Kindle_wordlist

It suddenly hit me one day that I use the wordlist in my Kindle ebook reader quite frequently, but don't necessarily remember what I actually have looked up.

Not knowing anything about the inner workings, I simply connected the Kindle via USB to my computer and manually searched the filesystem until I found system/vocabulary/vocab.db

The file was copied to my laptop for furter investigation

$ file vocab.db
vocab.db: SQLite 3.x database, last written using SQLite version 3026000, page size 1024, file counter 991, database pages 133, cookie 0x9, schema 4, UTF-8, version-valid-for 991

Ok, it's a SQLite3 database. That feels quite managable.
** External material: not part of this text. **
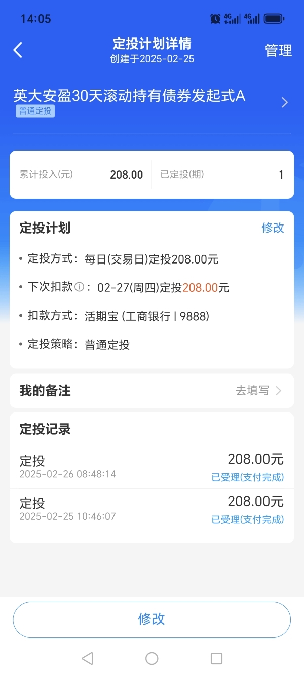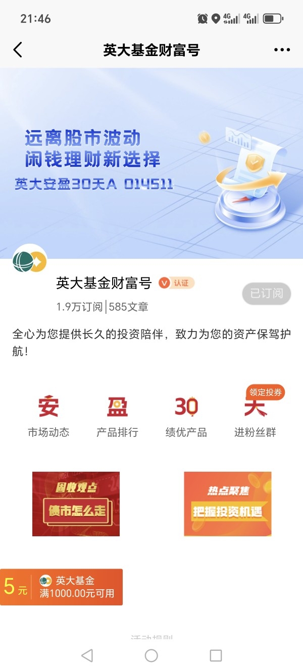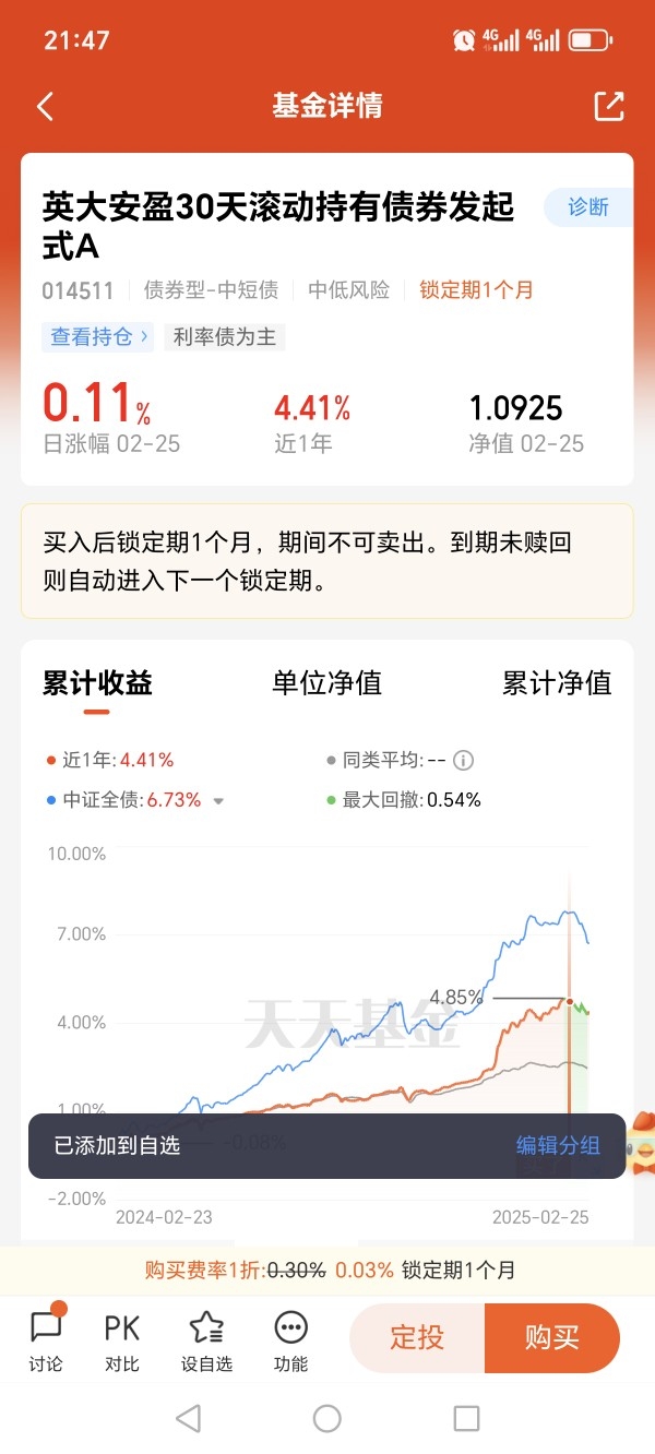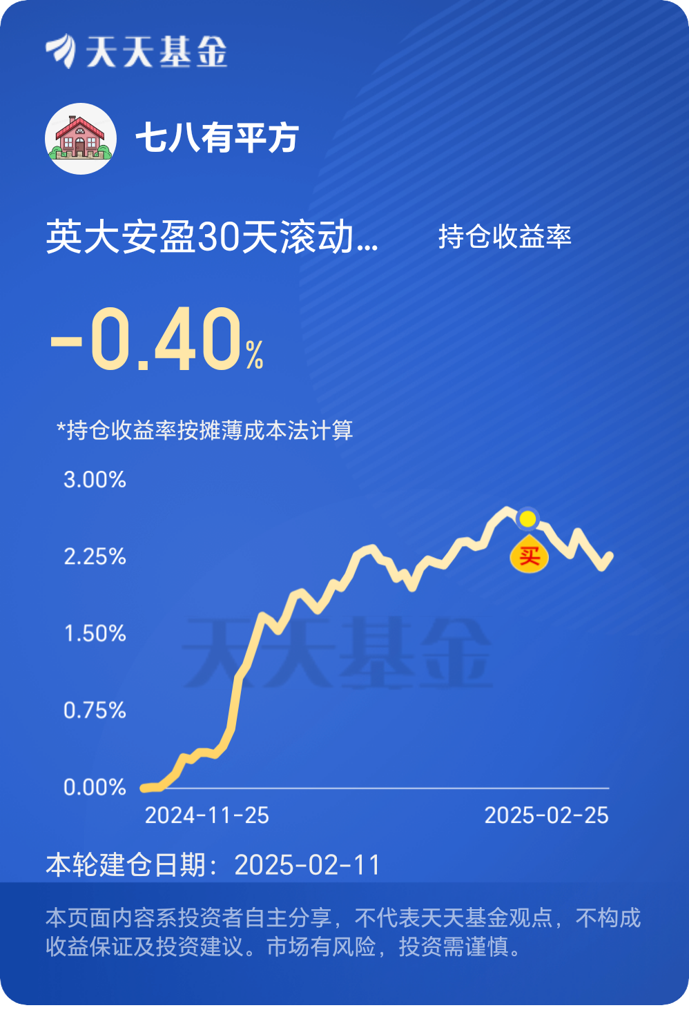 #我与英大安盈30天#+陪伴安盈的第3天,吕一楠基金经理的择时能力非常强,从这款基金从成立至今,债市一直处于牛市,而这款基金对于债券类资产的布局,一直是高仓位运作,所以这是它取得不错成绩背后的一个重要的原因,另外这款基金是持有30天之后才可以要求赎回的,这无疑给了一些性格比较急躁的投资者一个冷静期,同时也可以让很多投资者明白什么是长线是金,今天继续坚持日定投,坚持到底,就是胜利。@英大基金
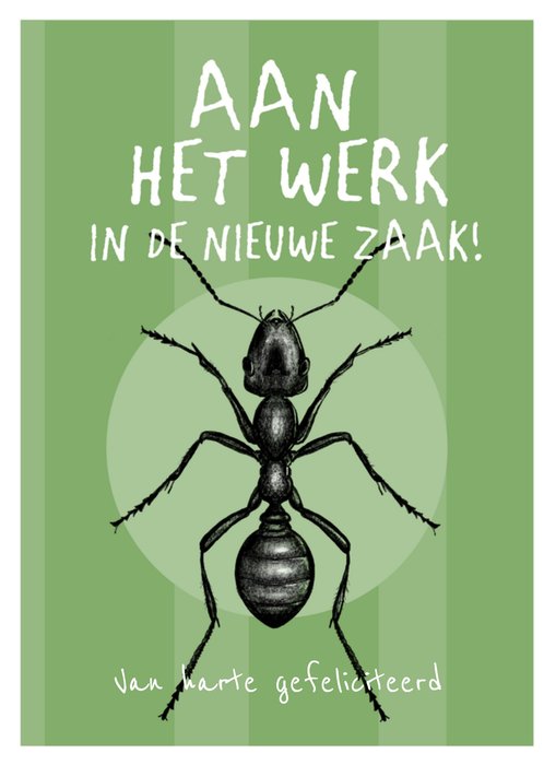 Leuke wenskaart met de illustratie van een mier en de tekst: Aan het werk in de nieuwe zaak! Van harte gefeliciteerd

Lets see what tables there is in there.

boran@borken> sqlite3 vocab.db
SQLite version 3.37.0 2021-12-09 01:34:53
Enter ".help" for usage hints.
sqlite> .tables
BOOK_INFO  DICT_INFO  LOOKUPS    METADATA   VERSION    WORDS

The next step is to investigate the table structures.

sqlite> .schema
CREATE TABLE WORDS (id TEXT PRIMARY KEY NOT NULL, word TEXT, stem TEXT, lang TEXT, category INTEGER DEFAULT 0, timestamp INTEGER DEFAULT 0, profileid TEXT);
CREATE INDEX wordprofileid ON WORDS (profileid);
CREATE TABLE LOOKUPS (id TEXT PRIMARY KEY NOT NULL, word_key TEXT, book_key TEXT, dict_key TEXT, pos TEXT, usage TEXT, timestamp INTEGER DEFAULT 0);
CREATE INDEX lookupwordkey ON LOOKUPS (word_key);
CREATE INDEX lookupbookkey ON LOOKUPS (book_key);
CREATE TABLE BOOK_INFO (id TEXT PRIMARY KEY NOT NULL, asin TEXT, guid TEXT, lang TEXT, title TEXT, authors TEXT);
CREATE TABLE DICT_INFO (id TEXT PRIMARY KEY NOT NULL, asin TEXT, langin TEXT, langout TEXT);
CREATE TABLE METADATA (id TEXT PRIMARY KEY NOT NULL, dsname TEXT, sscnt INTEGER, profileid TEXT);
CREATE TABLE VERSION (id TEXT PRIMARY KEY NOT NULL, dsname TEXT, value INTEGER);

The above, combined with a few "select * from <table>", revealed the following structure:

BOOK_INFO - Metadata for downloaded books
DICT_INFO - Installed wordlists
LOOKUPS - Looked up words plus context <-- Bingo!
METADATA - ?
VERSION - ?
WORDS - conjugations of the looked up words

I wrote the LOOKUPS table to a file for simpler processing:

sqlite> .output words.txt
sqlite> select * from LOOKUPS;

The file looked like this:

CR!7Z6RCJEMXN1KV7KJX1Y4N6TQJ5MA:AWwLAABZAAAA:314887:10|en:ignoble|CR!7Z6RCJEMXN1KV7KJX1Y4N6TQJ5MA|B0053VMNY2|AWwLAABZAAAA:314887|It is an ignoble end after we have come so far.” |1585009704195
CR!7Z6RCJEMXN1KV7KJX1Y4N6TQJ5MA:AY0LAAB5AAAA:321310:15|en:genuflecting|CR!7Z6RCJEMXN1KV7KJX1Y4N6TQJ5MA|B0053VMNY2|AY0LAAB5AAAA:321310|I bowed in what I hoped was an appropriate way, and since I was already kneeling it looked like I was genuflecting. |1585009998761
CR!Q5S8RKEDA95F50HSYJJ0TRV2RBM1:AWwnAAB+AAAA:1348373:13|en:immaculate|CR!Q5S8RKEDA95F50HSYJJ0TRV2RBM1|B0053VMNY2|AWwnAAB+AAAA:1348373|He sat in the high-backed chair behind the wide, immaculate desk. |1585129786043

...so it only takes a classical UNIX curse to extract the words and sort them on occurrence:

boran@borken> 
awk -F\| '{print $2 }' words.txt | sed -e 's/en://' | sort | uniq -c | sort

It turned out that besides a few mistakes (highlighting the word above etc), my most commonly looked up words are: contrite, derelict and torpor. That seems reasonable as I don't have a clue on what any of them means. The next step might be to write a word practice program or perhaps add them and their translations to Anki?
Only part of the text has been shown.